**YOUR OBJECTIVE**
For the records below, output word for word the lines from the one with "前半は献血について学び、後半は心肺蘇生や三角巾を用いた応急手当の仕方を" up to and including the one with "Now we're maximising". No pictures.
BEGIN DATA SUPPLIED
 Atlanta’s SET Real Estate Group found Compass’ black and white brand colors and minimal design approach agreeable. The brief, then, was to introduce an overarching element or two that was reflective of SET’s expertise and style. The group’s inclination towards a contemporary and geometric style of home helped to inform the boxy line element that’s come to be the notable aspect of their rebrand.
END DATA SUPPLIED
BEGIN DATA SUPPLIED
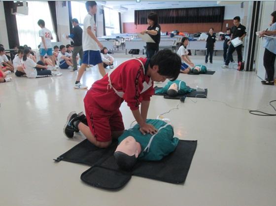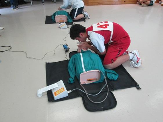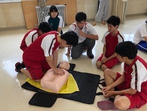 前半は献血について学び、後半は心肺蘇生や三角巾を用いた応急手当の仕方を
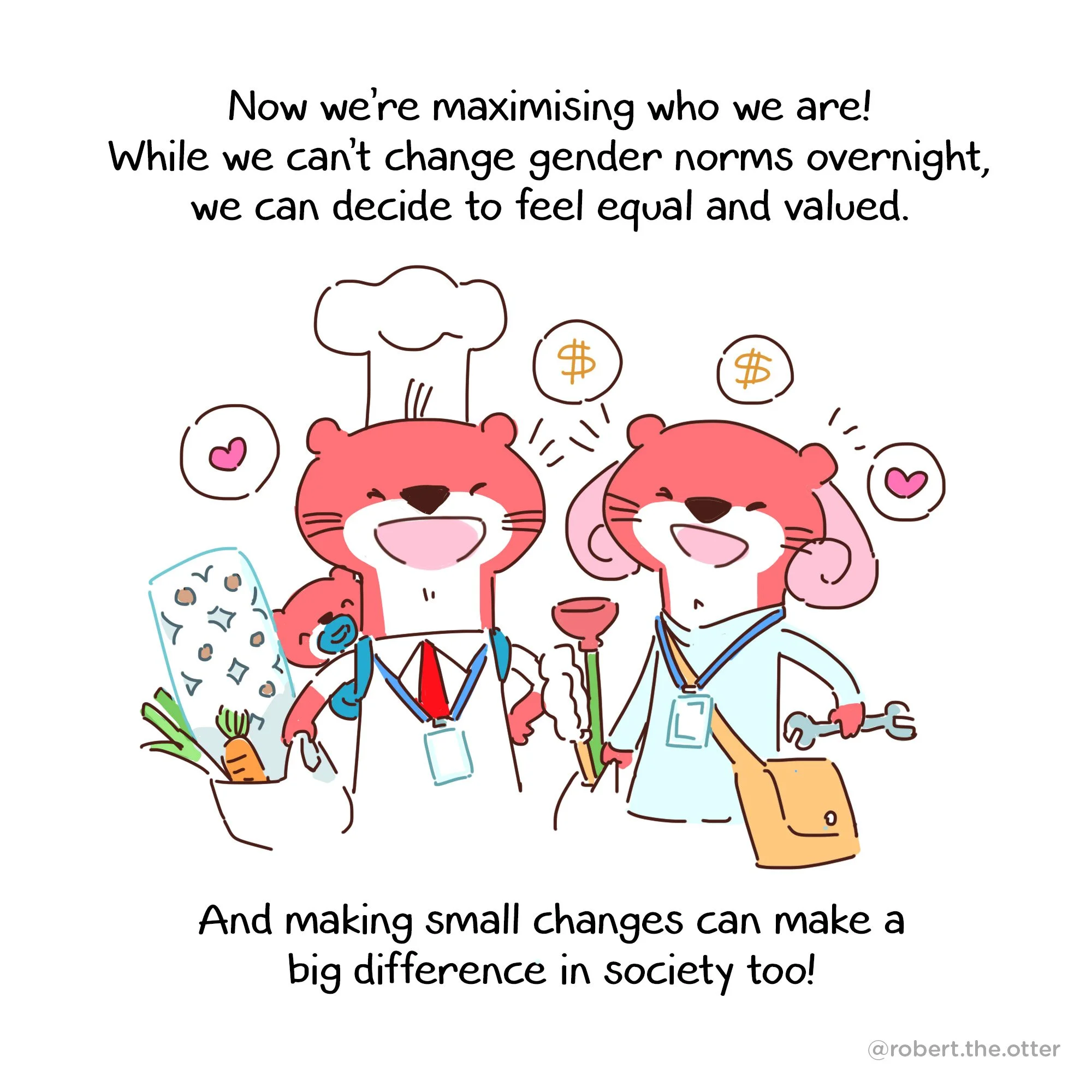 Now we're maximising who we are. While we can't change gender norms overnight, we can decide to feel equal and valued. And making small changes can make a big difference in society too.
END DATA SUPPLIED
BEGIN DATA SUPPLIED
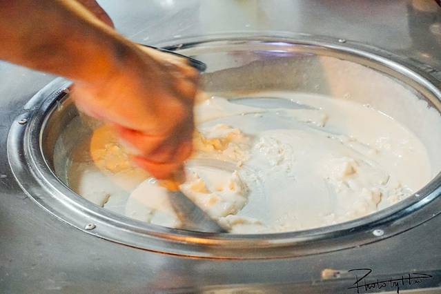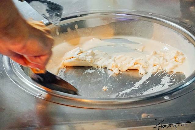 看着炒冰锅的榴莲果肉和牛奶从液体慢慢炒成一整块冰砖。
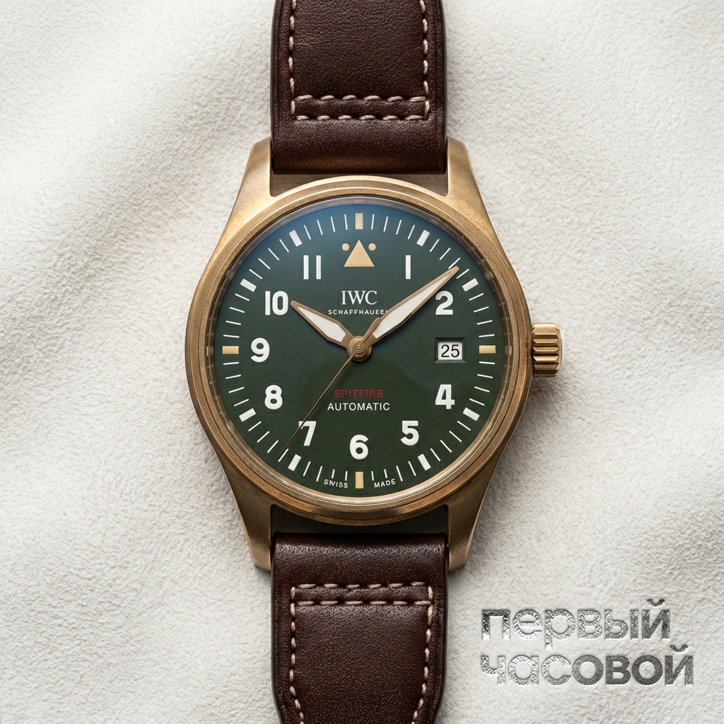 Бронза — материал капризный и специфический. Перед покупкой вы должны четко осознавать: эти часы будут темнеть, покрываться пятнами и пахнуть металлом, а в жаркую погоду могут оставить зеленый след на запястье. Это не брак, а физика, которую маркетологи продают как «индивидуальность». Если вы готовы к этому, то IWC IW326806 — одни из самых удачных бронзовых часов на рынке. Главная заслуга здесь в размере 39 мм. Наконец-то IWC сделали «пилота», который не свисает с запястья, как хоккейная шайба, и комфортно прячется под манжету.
END DATA SUPPLIED
**EXERCISE RESPONSE**
 前半は献血について学び、後半は心肺蘇生や三角巾を用いた応急手当の仕方を
 Now we're maximising who we are. While we can't change gender norms overnight, we can decide to feel equal and valued. And making small changes can make a big difference in society too.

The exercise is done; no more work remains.